De weduwe van [oom] (eerder genoemde mevrouw [echtgenote 2] ) heeft voor de jaren vanaf 2015 in België een regularisatieaangifte, gedagtekend 29 april 2020, ingediend. Hierin zijn door [naam 2] ontvangen licentievergoedingen, in het kader van de zogeheten Kaaimantaks, aangegeven omdat de weduwe van [oom] moet worden geacht de uiteindelijk begunstigde te zijn van [naam 2] . Op basis van deze aangifte is de weduwe van [oom] , volgens een e-mailbericht van een medewerker van het Belgische Ministerie van Financiën, € 55.682,01 aan belasting verschuldigd.

2.25.

De rechtbank heeft de beroepen gegrond verklaard, de uitspraken op bezwaar vernietigd, de navorderingsaanslag 2007 en de beschikking heffingsrente vernietigd, alle boetebeschikkingen vernietigd, de overige (navorderings)aanslagen en beschikkingen heffingsrente/belastingrente verminderd, zoals hierna vermeld, de inspecteur en de minister veroordeeld tot vergoeding van immateriële schade van € 3.110 respectievelijk € 890, de inspecteur veroordeeld in de proceskosten van belanghebbende tot een bedrag van € 1.518 en gelast dat de inspecteur het door belanghebbende betaalde griffierecht van € 93 aan haar vergoedt.

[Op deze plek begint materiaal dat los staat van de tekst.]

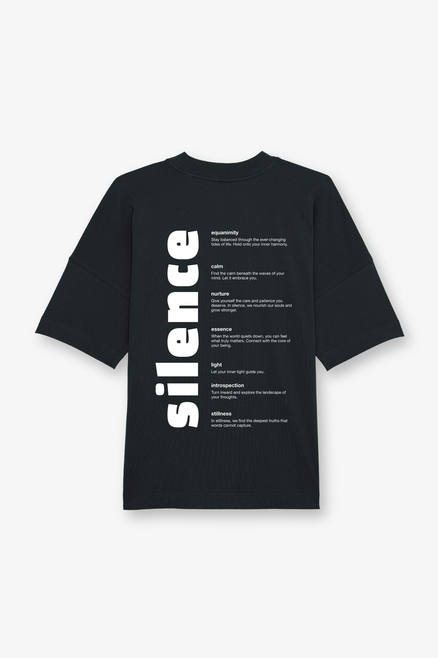 Das Silence T-Shirt erinnert dich daran immer wieder innezuhalten, in dich hineinzulauschen und aus deiner inneren Ruhe Kraft zu schöpfen. Mit dem inspirierenden Rückenprint wirst du auch für andere eine Erinnerung sein, sich Zeit für Stille zu nehmen und zurück zu sich selbst zu finden.

De aanslagen en beschikkingen zijn door de rechtbank als volgt verminderd:

-

navorderingsaanslag IB/PVV 2008: belastbaar inkomen uit aanmerkelijk belang € 15.209;

-

navorderingsaanslag IB/PVV 2009: belastbaar inkomen uit aanmerkelijk belang € 20.663;

-

navorderingsaanslag IB/PVV 2010: belastbaar inkomen uit aanmerkelijk belang € 18.982;

-

aanslagen IB/PVV 2011 tot en met 2015: belastbaar inkomen uit aanmerkelijk belang van nihil;

Waarbij de overige elementen van de aanslag zijn gehandhaafd en de beschikkingen heffingsrente/belastingrente steeds dienovereenkomstig zijn verminderd.

3 Geschil en conclusies van partijen

3.1.

In geschil is of de (navorderings)aanslagen en de beschikkingen terecht en tot de juiste bedragen zijn opgelegd/gegeven.

3.2.

Tussen partijen is niet langer in geschil dat correctie 10 moet vervallen en dat de correcties 3, 8, 11, 12, 13, 15, 16, 17 en 20 terecht zijn aangebracht. Tussen partijen is voorts niet meer in geschil de ontvankelijkheid van het bezwaarschrift, dan wel het rechtstreeks beroep van belanghebbende betreffende 2015.

3.3.

De inspecteur concludeert tot gegrondverklaring van het hoger beroep en vernietiging van de uitspraak van de rechtbank en tot vaststelling van de aanslagen en beschikkingen tot de door hem bepleite bedragen. Belanghebbende concludeert tot bevestiging van de uitspraak van de rechtbank.